»»

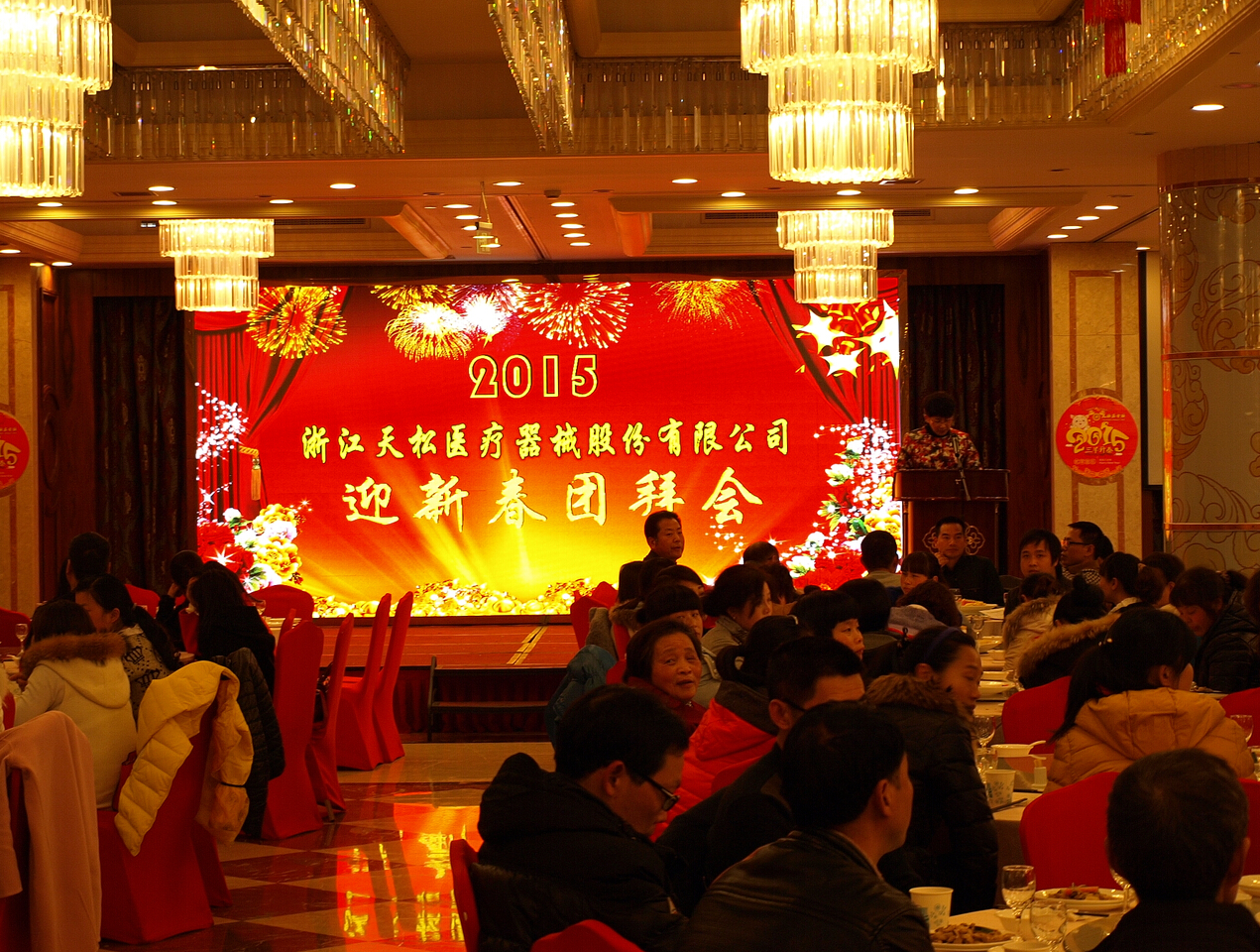 歡聲笑語,喜逢新歲;一年復始,萬象更新。2015年2月14日,浙江天松醫療器械股份有限公司2015年新春團拜會在久緣宴會廳隆重召開。會議開始,公司總經理對2014年的工作情況作了全面、客觀的總結,充分肯定了過去一年來所取得的成績,展望了公司未來美好的發展趨勢。會議對2014年中表現優秀的員進行了表彰和獎勵,同時希望各位員工在今后工作中都能夠繼續堅守自己的崗位,不驕不躁,在工作中真正地起到模范帶頭作用。公司董事長高度概括和肯定了2014年公司所取得的成績及來年的發展思路,并向全體員工及其家屬朋友們致以新春的祝福和誠摯的問候!會后公司舉辦了年終晚會和聚餐,在充滿著激情、熱烈、活躍的氣氛中圓滿結束了2015年新春團拜會。
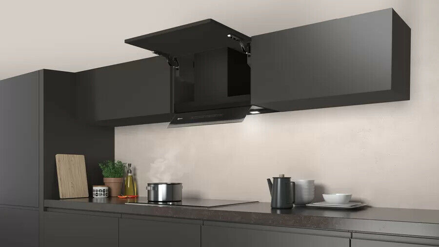 Unsere unsichtbar integrierte Designhaube - Neff D65XAM2S0 - perfekte Integration mit extra Stauraum für praktische Utensilien, zusätzlich zu Gewürzen und Kräutern.
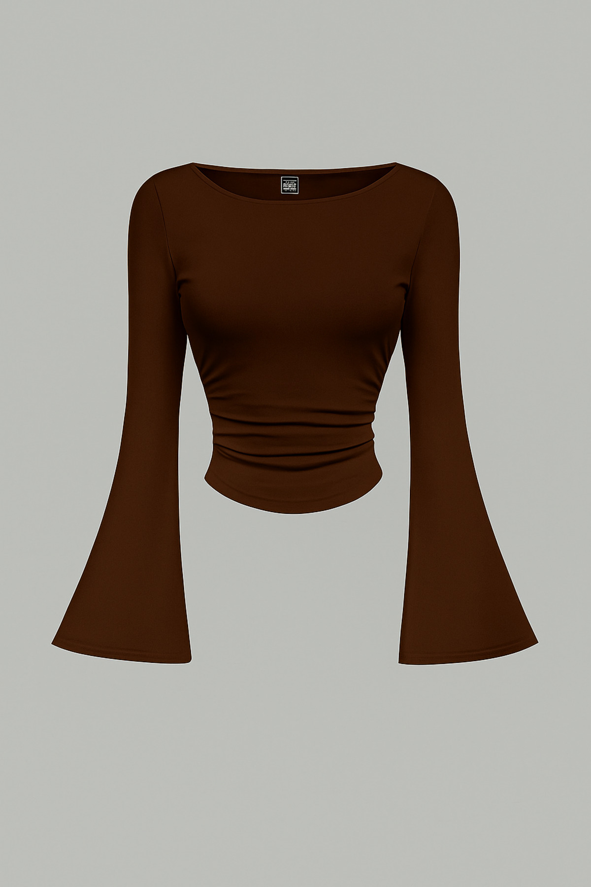 Koyu Kahve Kayık Yaka Uzun Kollu İspanyol Kol Bluz, Yan Büzgülü İspanyol Kol Kahve Crop Üst Koyu Kahve Kayık Yaka Uzun Kollu İspanyol Kol Bluz, Yan Büzgülü İspanyol Kol Kahve Crop Üst 2026-KIŞ-P04 XL
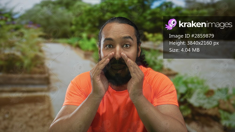 Man cupping hands to mouth calling on a forest path wearing orange shirt with green park foliage behind; alertness warning.
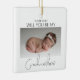 Peça ao seu melhor amigo, irmã ou primo para ser a madrinha do seu bebê com este adorável ornamento de árvore de natal de dois lados minimalista, apresentando uma foto fotíssima do seu bebê, fazendo a pergunta e, do outro lado, outra foto com uma mensagem de modelo, os estilos de fonte e a cor de fundo podem ser alterados clicando no link de personalização posterior após personalização.
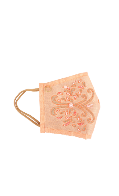 Hand embroidered with love by master Karigars to add style to your party or everyday look. The design is inspired by botanical floral branches from vintage indian royal garden miniatures. This stylish reusable mask is constructed with 3 layers of germ-resistant filters that provide protection from over 90% germs and microbes.
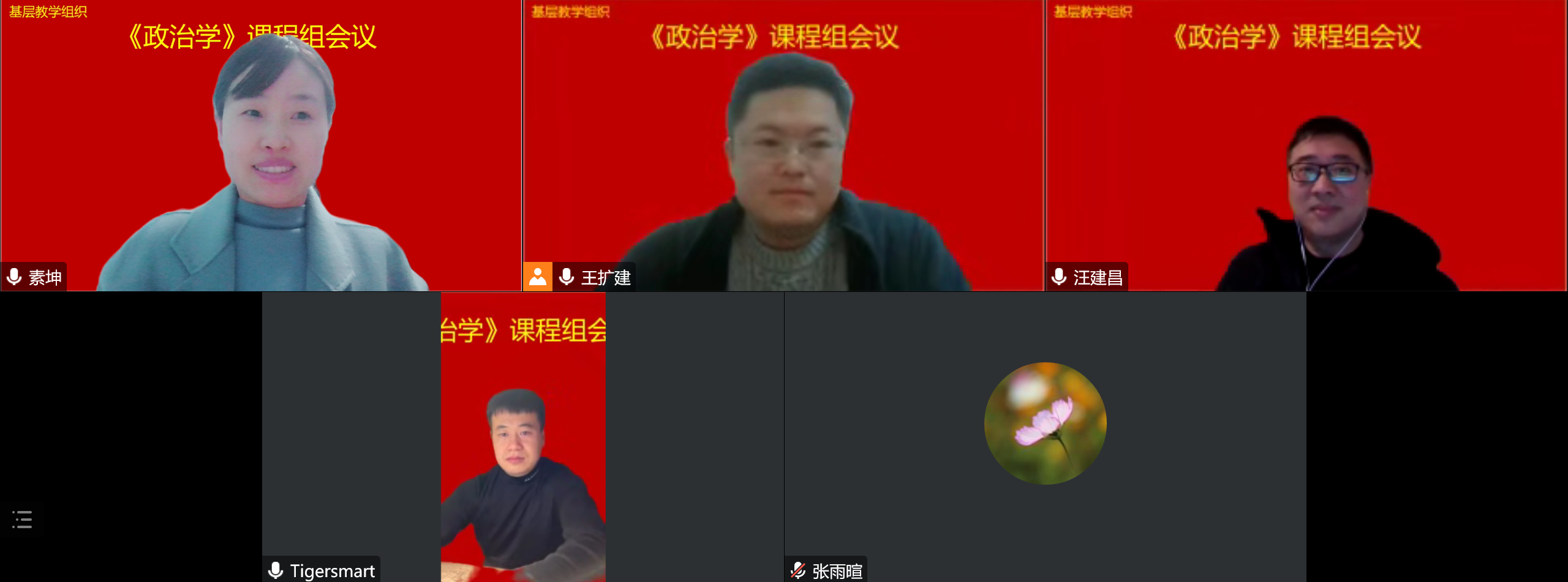 根据学校《关于开展教学大纲修订工作的通知》等文件精神,为更好发挥基层教学组织的作用,加强集体备课和教学研究,2022年12月7日晚,在金太军教授指导下,六合至尊 《政治学》课程组教学研讨会在腾讯会议举行。课程组成员王扩建、姚虎、张雨暄和冯素坤等4位老师参加本次研讨,学院副院长汪建昌参与研讨,会议由王扩建主持。
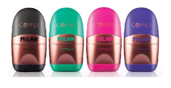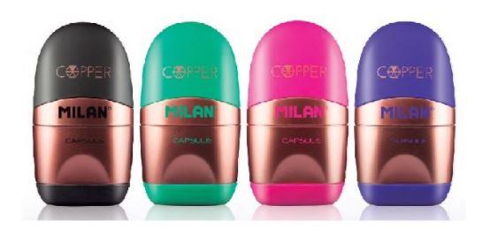 Afilaborra Milan en color cobre combinados con cuatro colores diferentes. Sacapuntas con depósito y tapa protectora con cuchilla de seguridad de acero al carbono. Goma Milán incorporada y reemplazable. Artículo con tacto goma

««

### REQUIRED ACTION
Return an exact copy of the data above, apart from any pictures.

### RESULT FOR THIS TASK
 歡聲笑語,喜逢新歲;一年復始,萬象更新。2015年2月14日,浙江天松醫療器械股份有限公司2015年新春團拜會在久緣宴會廳隆重召開。會議開始,公司總經理對2014年的工作情況作了全面、客觀的總結,充分肯定了過去一年來所取得的成績,展望了公司未來美好的發展趨勢。會議對2014年中表現優秀的員進行了表彰和獎勵,同時希望各位員工在今后工作中都能夠繼續堅守自己的崗位,不驕不躁,在工作中真正地起到模范帶頭作用。公司董事長高度概括和肯定了2014年公司所取得的成績及來年的發展思路,并向全體員工及其家屬朋友們致以新春的祝福和誠摯的問候!會后公司舉辦了年終晚會和聚餐,在充滿著激情、熱烈、活躍的氣氛中圓滿結束了2015年新春團拜會。
 Unsere unsichtbar integrierte Designhaube - Neff D65XAM2S0 - perfekte Integration mit extra Stauraum für praktische Utensilien, zusätzlich zu Gewürzen und Kräutern.
 Koyu Kahve Kayık Yaka Uzun Kollu İspanyol Kol Bluz, Yan Büzgülü İspanyol Kol Kahve Crop Üst Koyu Kahve Kayık Yaka Uzun Kollu İspanyol Kol Bluz, Yan Büzgülü İspanyol Kol Kahve Crop Üst 2026-KIŞ-P04 XL
 Man cupping hands to mouth calling on a forest path wearing orange shirt with green park foliage behind; alertness warning.
 Peça ao seu melhor amigo, irmã ou primo para ser a madrinha do seu bebê com este adorável ornamento de árvore de natal de dois lados minimalista, apresentando uma foto fotíssima do seu bebê, fazendo a pergunta e, do outro lado, outra foto com uma mensagem de modelo, os estilos de fonte e a cor de fundo podem ser alterados clicando no link de personalização posterior após personalização.
 Hand embroidered with love by master Karigars to add style to your party or everyday look. The design is inspired by botanical floral branches from vintage indian royal garden miniatures. This stylish reusable mask is constructed with 3 layers of germ-resistant filters that provide protection from over 90% germs and microbes.
 根据学校《关于开展教学大纲修订工作的通知》等文件精神,为更好发挥基层教学组织的作用,加强集体备课和教学研究,2022年12月7日晚,在金太军教授指导下,六合至尊 《政治学》课程组教学研讨会在腾讯会议举行。课程组成员王扩建、姚虎、张雨暄和冯素坤等4位老师参加本次研讨,学院副院长汪建昌参与研讨,会议由王扩建主持。
 Afilaborra Milan en color cobre combinados con cuatro colores diferentes. Sacapuntas con depósito y tapa protectora con cuchilla de seguridad de acero al carbono. Goma Milán incorporada y reemplazable. Artículo con tacto goma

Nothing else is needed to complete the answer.